▸ **Given data**:

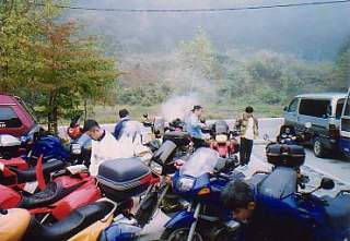 (ちなみに私は6時に目が醒めました)、外気温5度の駐車場でバイク談義をはじめたのでした。う〜ん、何ともすごい集団です。
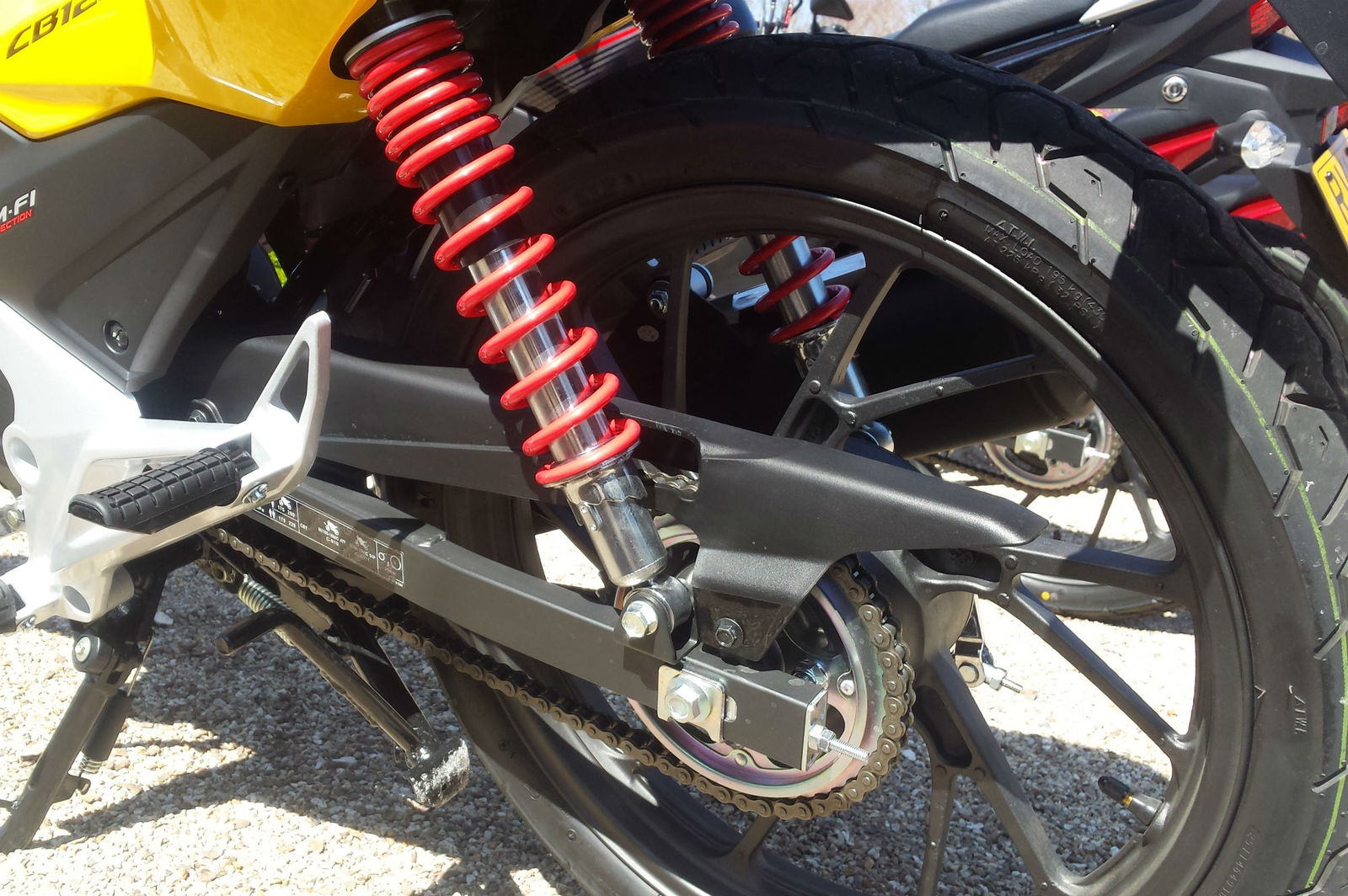 The CBF125's Continental tyres have been swapped for Chinese-made CSTs, with a skinnier 90/90-section rear instead of 100/90. I didn't have any problems with them but I wouldn't like to explore the limits. The fact the new model has been given 18-inch wheels instead of 17-inch will also limit the choice of alternative rubber, at least until tyre makers catch up.
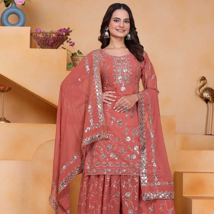 Présentation du nouveau costume de Sharara orange en fausse georgette brodé de créateur avec séquence de travail brodé fête de mariage exclusive

▸ **Problem to solve**: Word for word, repeat the material above and drop the pictures.

▸ **Solution**:
 (ちなみに私は6時に目が醒めました)、外気温5度の駐車場でバイク談義をはじめたのでした。う〜ん、何ともすごい集団です。
 The CBF125's Continental tyres have been swapped for Chinese-made CSTs, with a skinnier 90/90-section rear instead of 100/90. I didn't have any problems with them but I wouldn't like to explore the limits. The fact the new model has been given 18-inch wheels instead of 17-inch will also limit the choice of alternative rubber, at least until tyre makers catch up.
 Présentation du nouveau costume de Sharara orange en fausse georgette brodé de créateur avec séquence de travail brodé fête de mariage exclusive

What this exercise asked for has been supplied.